Facts about Chester Nimitz

Chester W. Nimitz is 139 years old
Best known as: Commander of the U.S. Pacific Fleet in World War II

     

Chester W. Nimitz Biography

United States Admiral Chester William Nimitz was the commander of the Pacific Fleet during World War II, the man who directed the U.S. victories at Midway, Iwo Jima and Okinawa. Nimitz grew up in Texas, raised by his widowed mother and grandfather. He graduated from the U.S. Naval Academy in 1905 and was promoted to ensign by 1907. Nimitz’s first command was the destroyer Decatur, but it ran aground in 1908; he was reprimanded and assigned to submarine duty.
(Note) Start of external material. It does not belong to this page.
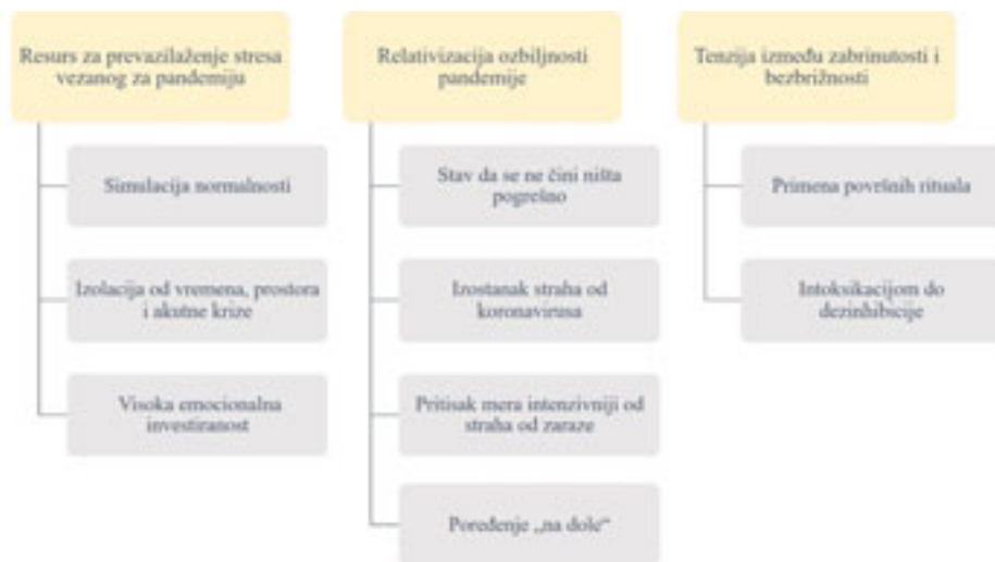
Slika 2. Teme i pod teme prisutne u narativima mladih koji su posećivali žurke tokom pandemije

Žurke su za neke učesnike predstavljale i važan deo identiteta koji imaju osećaj da su izgubili kada su prestali da posećuju žurke. Neki učesnici sebe doživljavaju kao društvene osobe koje često izlaze, te sa nedostatkom ovih aktivnosti sebe ne smatraju celovitim. Za druge je sržna odrednica identiteta biti „klaber”, viđen u klubovima i povezan sa određenim mestima i muzikom, te prepoznat od strane drugih kao neko ko aktivno izlazi na žurke.

He spent the next three decades working his way up in the navy, commanding submarines and surface ships, serving in staff positions and becoming an expert on diesel engines. Following the Japanese attacks on Pearl Harbor on 7 December 1941, President Franklin D. Roosevelt named Nimitz to relieve Admiral Husband E. Kimmel as commander of the Pacific Fleet. An experienced and well-liked leader, Nimitz was also an effective military strategist who directed U.S. forces as they closed in on Japan, beginning in May and June of 1942 with the battles of the Coral Sea and Midway. Nimitz was promoted to the newly-created rank of fleet admiral in 1944 and became the naval equivalent to the army’s General Dwight D. Eisenhower. After the war Nimitz oversaw the demobilization of the navy, served as a United Nations goodwill ambassador and, later, co-authored Sea Power, A Naval History (1960). He and his wife settled in the San Francisco area, where Nimitz was active in the community and a regent at the University of California.

Extra credit

It was on Nimitz’s flagship, the U.S.S. Missouri that the Japanese surrendered on 2 September 1945… Nimitz ordered the ambush that killed his Japanese counterpart, Admiral Isoroku Yamamoto… In 1972 the U.S.S. Nimitz was launched, a nuclear-powered aircraft carrier and the world’s largest warship.